@CynthiaWei wrote:
Hi,
Thank you so much for the code! I was not able to work on this project in the past weeks so sorry for my late reply.
I think your understanding is quite close to my task. I think there is one criterion needs to add here: if a given combination of id*first_date*edu*class has one record do nothing, i.e. leave the last_date value as is. But if that combination has more than one record and one record has a date difference of 0, then assign last_date=first_date for the rest. So, if a given combination of id*first_date*edu*class has more than one record but each record has a date difference >0 and none of the records has a date difference of 0 within this ID, then leave them. Examples like follows:(there is no record like "5 8-19-2017 8-19-2017 1 1" for this person)

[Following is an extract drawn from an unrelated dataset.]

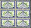 1949 3d green and ultramarine with watermark inverted, unused block of six without gum. Centre right stamp with a defect at right, still an unusual multiple. SG 153aw, £600

ID First_date Last_date EDU Class
5 8-19-2017 11-11-2017 1 1 5 8-19-2017 12-22-2017 1 1
Could you please advice me what the code look like when incorporating the above situation. I apologize for not specifying this before.
So instead of assigning last_date=first_date for all combinations that have multiple records, as I had programmed before, just do it for all combinations that have multiple records, of which at least one already has last_date=first_date:
In that case then during the first pass, the program should still count records by combination. But in addition, if any record has first_date=last_date, then add (say) 1,000 to the count. I choose 1,000 because I assume no combination is likely to have near 1,000 records.
This means:
A single record would have count=1 or 1,001
Multiple records would have counts 2,3,4,... or 1,002+
Therefore, during the second pass, only count>1,001 requires assigning last_date=first_date
data want;
set have (in=firstpass) have (in=secondpass);
by id;
array _n_fdates {%sysevalf("01jan2015"d):%sysevalf("31dec2017"d),3,3} _temporary_;
if first.id then call missing(of _n_fdates{*});
if firstpass then do;
_n_fdates{first_date,edu,class}+1;
if first_date=last_date then _n_fdates{first_date,edu,class}+1000;
end;
if secondpass;
if _n_fdates{first_date,edu,class}>1001 then last_date=first_date;
run;
And if the variables that are going to be involved in a given combination are varA, varB, varC, varD, varE, varF and varG, I just need to put all of them in the "{}" in the if then statement, right?
In short yes. Make provision for each variable in the array statement, and then use those variable names as the array indexes in the subsequent statements.